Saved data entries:
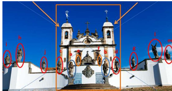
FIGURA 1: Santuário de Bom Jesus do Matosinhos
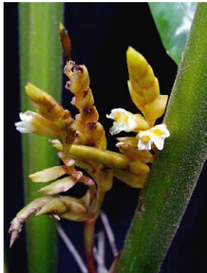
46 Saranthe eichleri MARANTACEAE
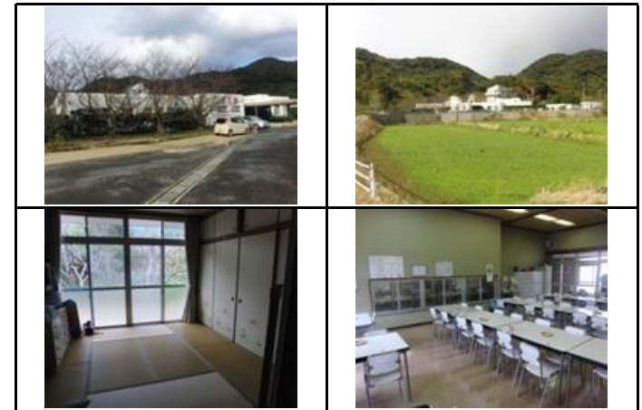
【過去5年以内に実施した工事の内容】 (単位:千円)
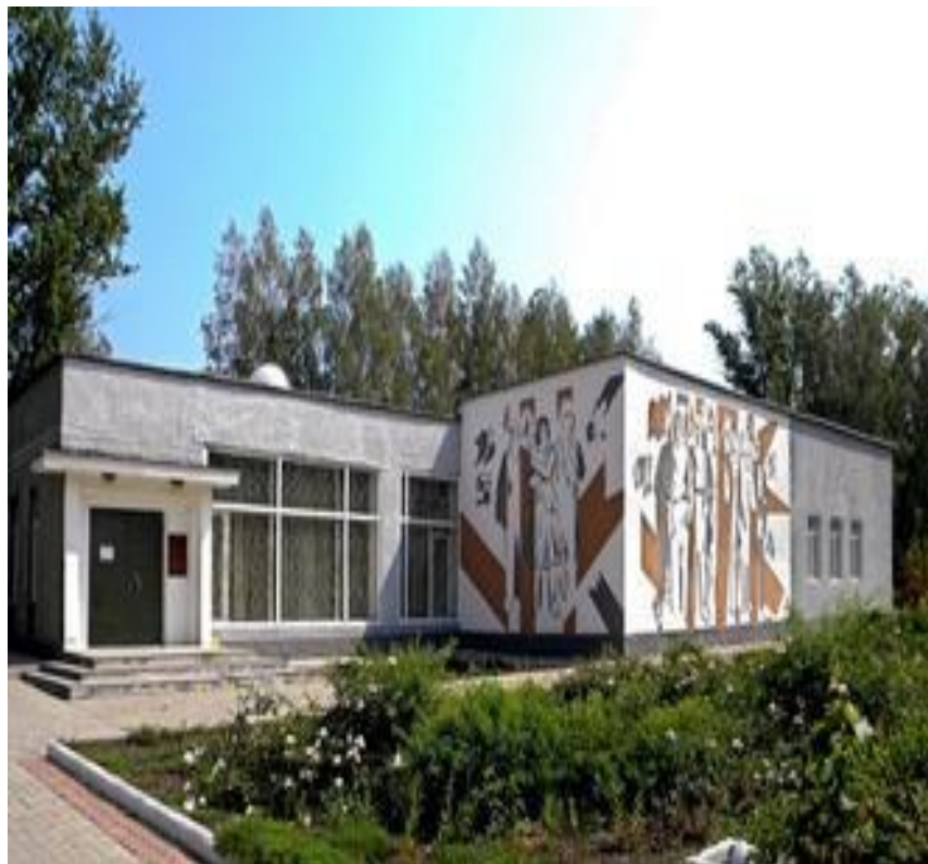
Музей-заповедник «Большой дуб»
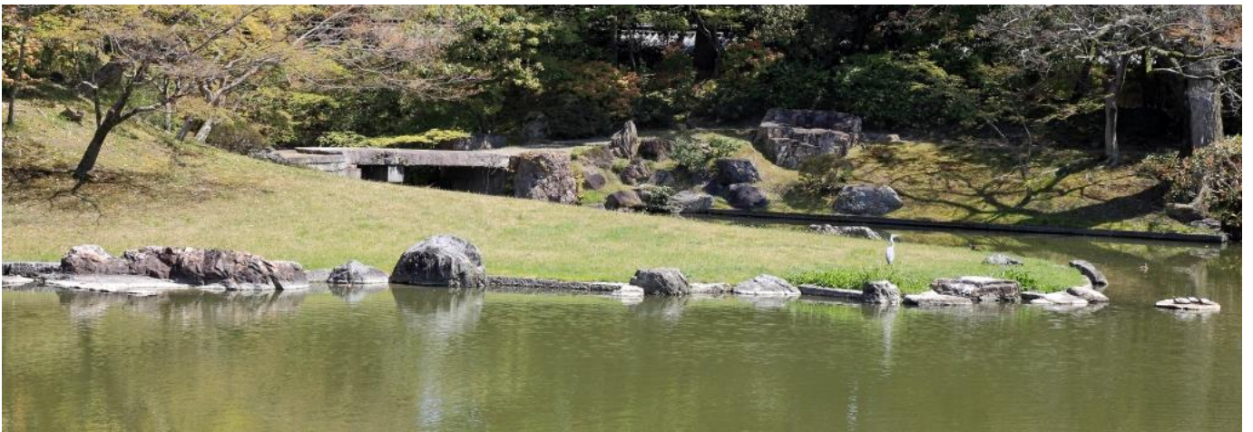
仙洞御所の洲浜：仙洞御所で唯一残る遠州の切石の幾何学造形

- **EXERCISE DETAILS**:
Only the lines from the line with "46 Saranthe eichleri MARANTACEAE" through the end of the records belong in your copy. Repeat them exactly, without pictures.

- **TASK SOLUTION**:
46 Saranthe eichleri MARANTACEAE
【過去5年以内に実施した工事の内容】 (単位:千円)
Музей-заповедник «Большой дуб»
仙洞御所の洲浜：仙洞御所で唯一残る遠州の切石の幾何学造形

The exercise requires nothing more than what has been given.